早霜(駆逐艦)
はやしも
竣工~マリアナ沖海戦まで
アジア太平洋戦争中の大日本帝国海軍に存在した夕雲型駆逐艦の17番艦。1942年度(マル急計画)仮称第345号艦として1943年1月20日に舞鶴海軍工廠で建造され、翌1944年2月20日に竣工し、横須賀鎮守府籍となったが、呉を定係港にしていた。
まず第十一水雷戦隊で乗員の訓練を受け、5月10日にタウイタウイに向け出航したが、この時期にはもはや駆逐艦へも十分な訓練を施すだけの油がなく、内地においてはわずか3ヶ月弱という凄まじい詰め込み訓練だった。タウイタウイ現地で飛鷹、隼鷹、龍鳳らの警戒艦となり、いまだ技量未熟ながら、いきなり基地周辺の対潜掃討などに投入され、この実戦をそのまま訓練の代わりにしていた。
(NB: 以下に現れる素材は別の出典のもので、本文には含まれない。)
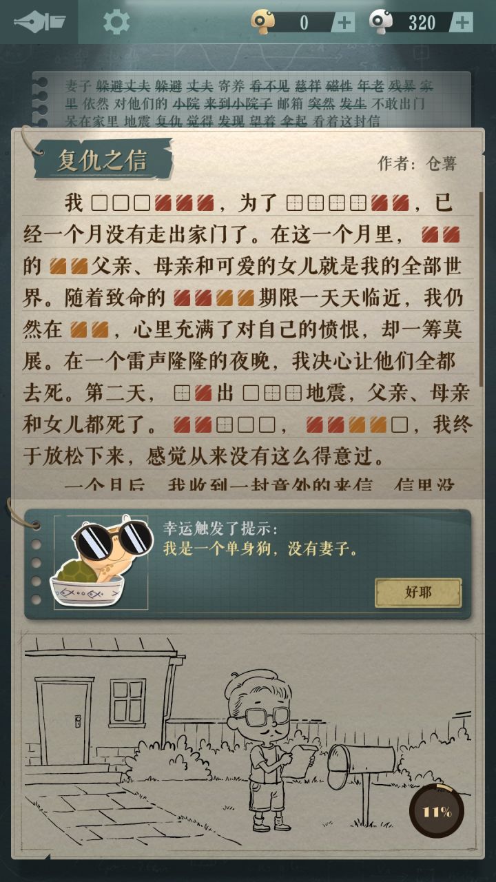 复仇之信这个故事中里面出现了可爱的女儿,但是触发的提示却说自己是个单身狗。是搞错了吗?

続けて、翌月19日のマリアナ沖海戦では乙部隊に合流し作戦に参加、これが初陣となった。しかし早霜は初陣ながら2機を立て続けに撃墜している。この戦いでは、大火災を起こし総員退艦命令が出された飛鷹の乗員たちを救助した。
その後呉に戻り、20ミリ単装機銃や25mm連装機銃などの対空兵装を大幅追加する改装を受ける。
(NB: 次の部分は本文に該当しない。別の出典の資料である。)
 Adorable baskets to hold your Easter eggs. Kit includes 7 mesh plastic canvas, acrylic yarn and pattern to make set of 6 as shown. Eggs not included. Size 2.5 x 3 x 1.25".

7月1日に第五戦隊を護衛しリンガ泊地に到着、のちに秋霜、清霜とともに第二駆逐隊を編成し、第二艦隊・第二水雷戦隊に編入された。
レイテ沖海戦群に参加
その後、早霜は10月23日に生起したレイテ沖海戦群に栗田艦隊に属して参加する。翌々日にサマール島へ移動するが、この際、至近弾を浴びて舷側に無数の破孔が空き、燃料タンクに海水が流れ込む損傷を受ける。燃料と海水を分離するためには、ドラム缶に燃料を汲み取った上で揺らさないよう12ノットの低速で走りつつ分離を待ち、柄杓で上澄みを掬う方法しかなかったといい、本艦はしびれを切らした旗艦能代により、コロン島への単独回航を命じられた。
この燃料分離作業を行いながら航行していた26日、敵機に発見されたが、艦長の平山敏夫中佐は艦橋の天蓋から身を乗り出し、航海長の肩を蹴飛ばすという戦車のような操艦で爆撃を回避、さらには艦首を風上に向けることにより豪快な艦首波を発生させ、12ノットをあたかも20ノットで走っているように見せかけて敵機の照準を狂わせるという奇策を用い、追撃を避けきった・・・かに見えた。
ところが1本の魚雷が命中して航行不能に近い状態に追いやられる。その上機銃掃射でハチの巣にされ、機銃員に死傷者が出たが、乗員たちはそれにめげず、機関兵までが飛び出してきて機銃を撃ちまくっていたという。
早霜は沈没を防ぐためセミララ島の浅瀬へ微速でのし上げ、擱座した。
同日、早霜の救援に2隻の駆逐艦が訪れる。不知火と藤波である。早霜は「敵襲ノ恐レアリ、来ルナ」と信号を送るが、不知火はそれに構わず沖合1000メートルに停止し、救助のカッターを下ろし始めた。だが早霜の悪い予感は的中し、作業を始めた直後、敵機の来襲に離脱が間に合わなかった不知火は艦中央部への爆弾直撃により轟沈、乗組員は全員が絶命。続けて救援にきた藤波もまた、空襲を受け沈没し、前日に藤波が救援した鳥海の乗組員もろとも、一人残らず戦死してしまう。
結局、乗組員は2週間ほど放置されたが、別の救助船により救助された。
そして擱座した早霜はセミララ島に放棄されたのち、船体を米軍が捕獲し調査しているが、その後の消息は定かではない。一説には米駆逐艦・ウォーカーにより完全破壊されたといわれているが、終戦時に残っていたとする説もあるという。